The Office was established by legislation as an independent office within the SEC to advance the interests of small business and their investors. As always, the Report provides a wealth of data on small business capital formation in the United States—extending from small and emerging companies, to later-stage businesses, to the IPO market, to smaller public companies.
Companies continue to increase their reliance on exempt offerings. In the period from July 1, 2023, to June 30, 2024, companies (excluding pooled funds) raised $949 billion in reliance on exempt offerings (including Rule 144A and Reg S offerings), compared to $28 billion in IPOs and $1.2 trillion in other SEC-registered offerings. As among exempt offering formats, not surprisingly, Rule 506(b) offerings remain quite significant with $170 billion raised in these transactions compared to only $1.5 billion in Rule 506(c) offerings. Pooled funds raised another $1.7 trillion in Rule 506(b) offerings. Offerings by pooled funds account for almost 90% of the amounts raised under Regulation D but only approximately 45% of the offerings.

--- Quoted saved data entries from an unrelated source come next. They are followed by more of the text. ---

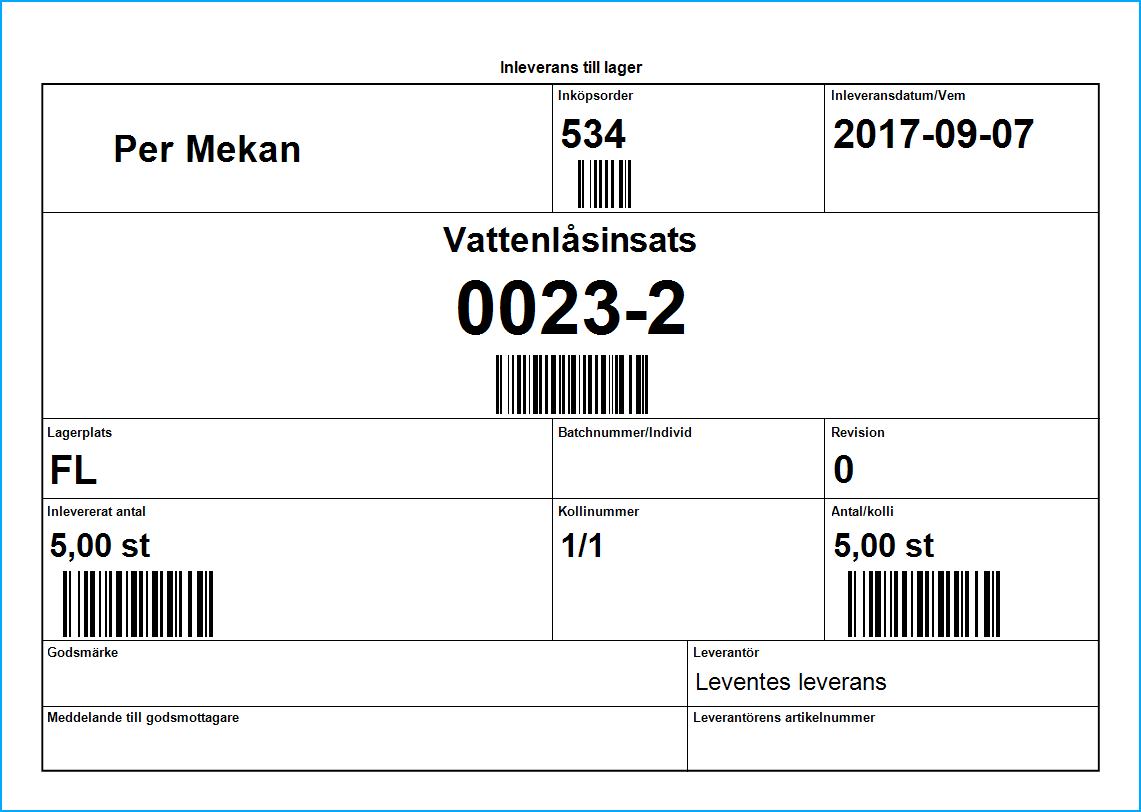 Skriv ut pallflagga för märkning av inkommande gods.
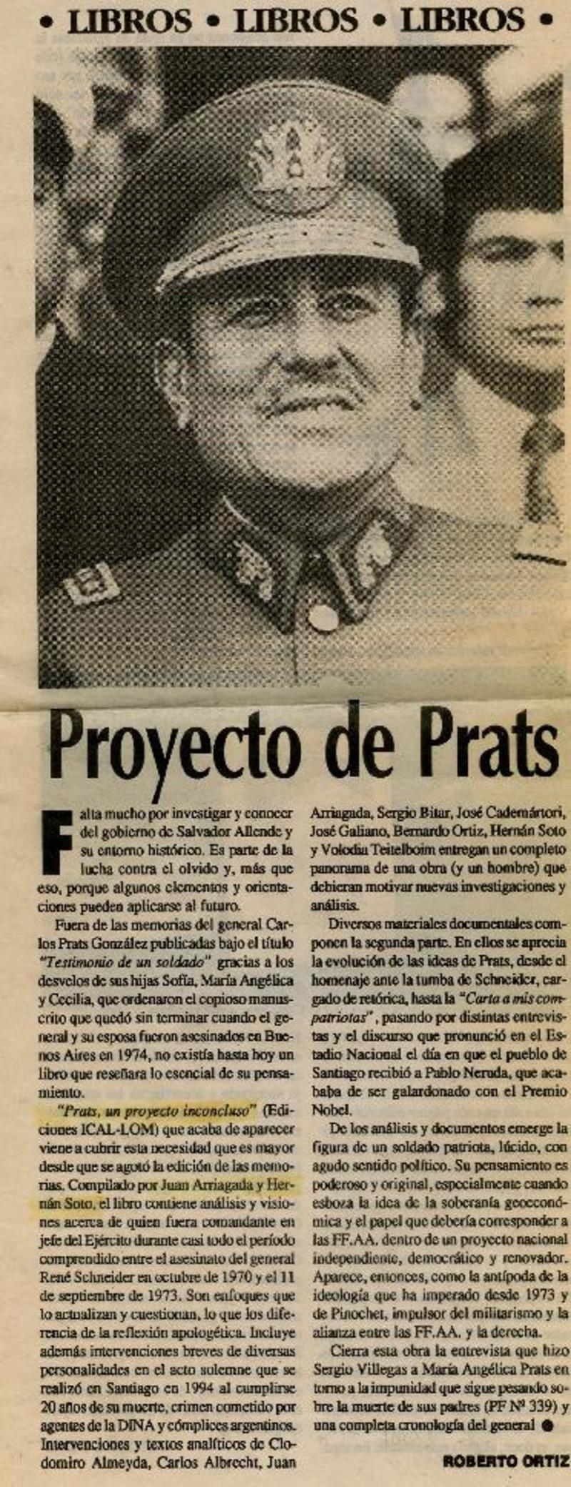 Autores chilenos - Teitelboim, Volodia - Bitar, Sergio - Prats González, Carlos - Cademártori, José - Memorias: Testimonio de un soldado - Soto, Hernán - Arriagada, Juan - Prats, un proyecto inconcluso - Ortíz, Bernardo
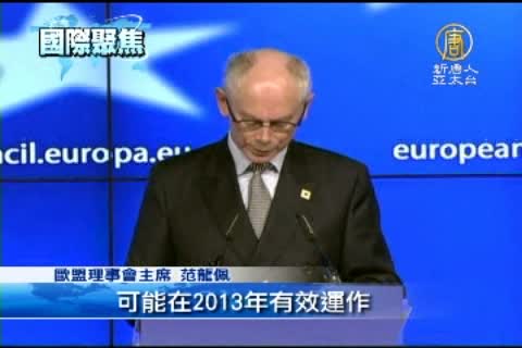 【新唐人亞太台2012年10月20日訊】歐盟理事會主席范龍佩星期五(19日)表示,歐盟27國領導人在布魯塞爾峰會一致同意,在今年底前建立一個法律框架,使歐洲央行全面負責銀行的監管,並將在2013年逐步實施。
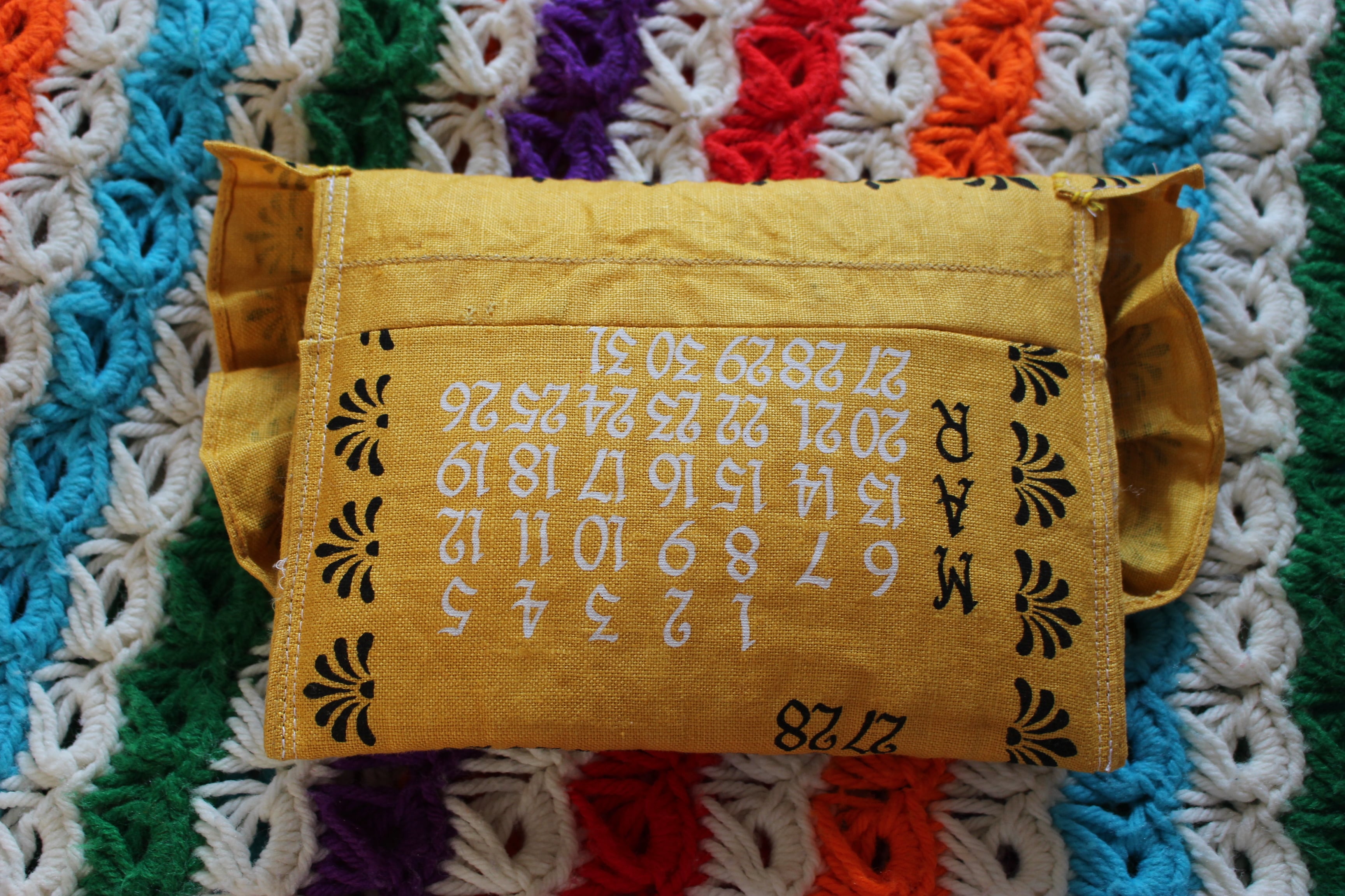 1966's カレンダーファブリックのポーチになります。黄色と黒字の色合いと数字達のデザインが個性的です。中にはキルトを挟んであるのでフワッとした優しい手触り。
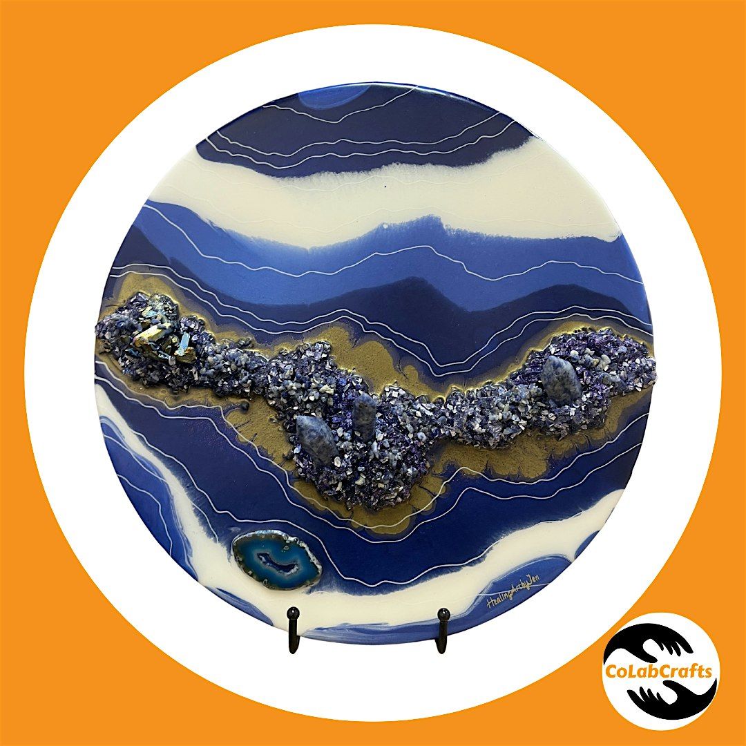 No experience is needed—we’ll guide you step-by-step through the process, from color selection and composition to working safely with resin. You’ll learn how to layer, blend, and embellish your piece to achieve that signature geode sparkle and depth.
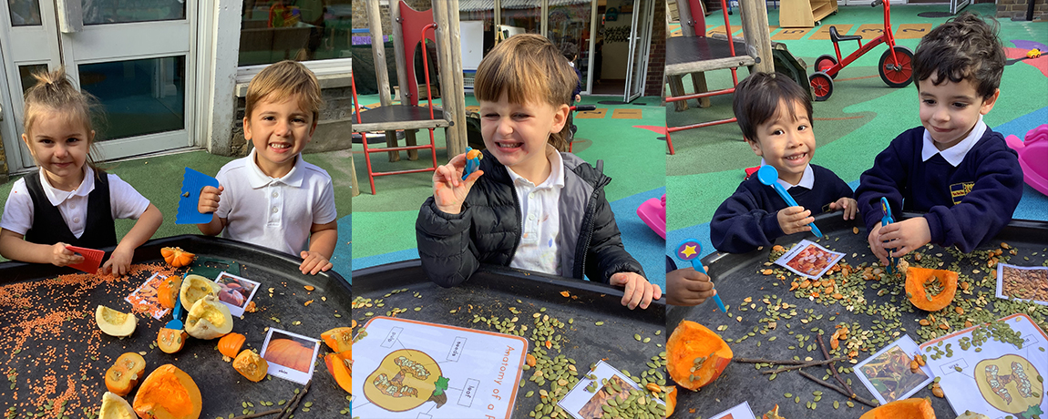 This week Nursery enjoyed exploring pumpkins as part of their Autumn themed tuff tray activity. They had lots of fun scooping out the insides and picking out the seeds. The children had ample opportunity to explore different textures, use tools to support their fine motor skills, and talk about what they found. It was a great hands-on experience that encouraged curiosity and plenty of messy fun!
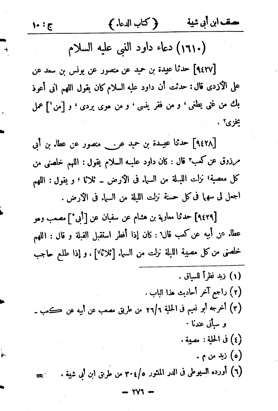 29992- حَدَّثَنَا عَبِيْدَةُ بْنُ حُمَيْدٍ ، عَن مَنْصُورٍ ، عَنْ عَطَاءِ بْنِ أَبِي مَرْزُوقٍ ، عَن كَعْبٍ قَالَ : كَانَ دَاوُد عَلَيْهِ السَّلامُ يَقُولُ : اللَّهُمَّ خَلِّصْنِي مِنْ كُلِّ مُصِيبَةٍ نَزَلَت اللَّيْلَةَ مِنَ السَّمَاءِ فِي الأَرْضِ ثَلاثًا ، وَيَقُولُ : اللَّهُمَّ اجْعَلْ لِي سَهْمًا فِي كُلِّ حَسَنَةٍ نَزَلَتِ اللَّيْلَةَ مِنَ السَّمَاءِ فِي الأَرْضِ.
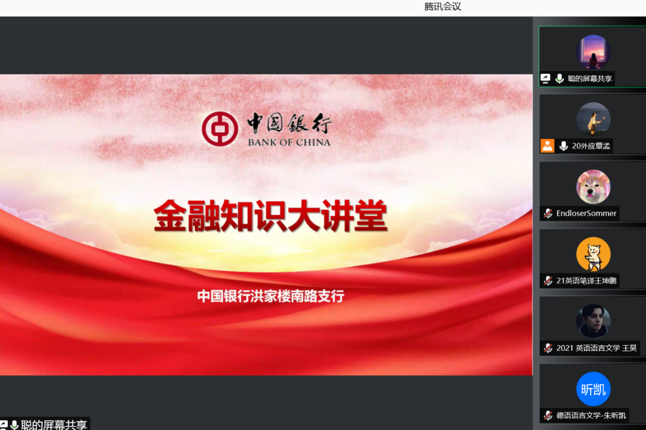 9月10日下午,必赢76net线路唯一官方网站通过腾讯会议线上平台举办2021级研究生金融安全教育讲座。讲座由中国银行洪家楼南路支行赵聪主讲,由研究生会秘书长覃孟主持,必赢76net线路唯一官方网站2021级研究生参加了本次安全教育讲座。
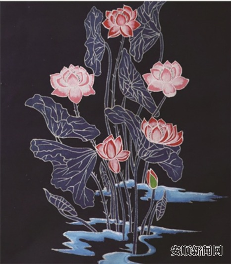 苗族姑娘心灵手巧,一针一线,麻利的动作,那山河、草木、花朵、鸟兽、水波、太阳、月亮、星星……把苗家没有文字的记载,全用山水林田路多种形象符号,将历史沿革道得清清楚楚、明明白白,是璀璨明珠的闪耀。
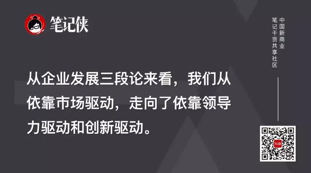 从企业发展三段论来看,我们从依靠市场驱动,走向了依靠领导力驱动和创新驱动。
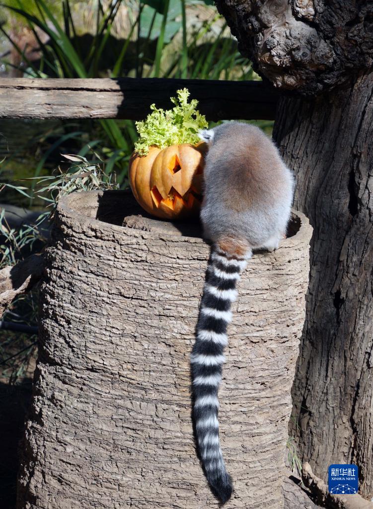 10月30日,在意大利羅馬動物園,環尾狐猴享用節日南瓜。

The Report notes that the volume of IPOs remains down from the 2021 highs but trended up during the first half of 2024. Technology and manufacturing companies account for the largest amounts raised in IPOs. The number of VC-backed IPOs remains down quite significantly. Since 2022, IPOs by small companies have accounted for 40% of the number of IPOs but only 4% of IPO deal value.
The Report provides additional insights regarding the decline in smaller public companies. For example, if one considers the overall decline in the number of U.S. public companies, the decline in the number of small exchange-listed companies is largely responsible for this trend. The Report attributes the “listing gap” to M&A activity and regulatory costs. Small public companies struggle following their IPOs. The Report notes the number of smaller companies that face issues relating to securities exchange non-compliance and that undertake reverse stock splits and that ultimately face delisting.
If ever there was a compelling basis for providing additional accommodations for smaller public companies, the analysis in the Report regarding the costs associated with being public and the impediments facing smaller public companies provides one. Perhaps a new SEC might consider this food for thought.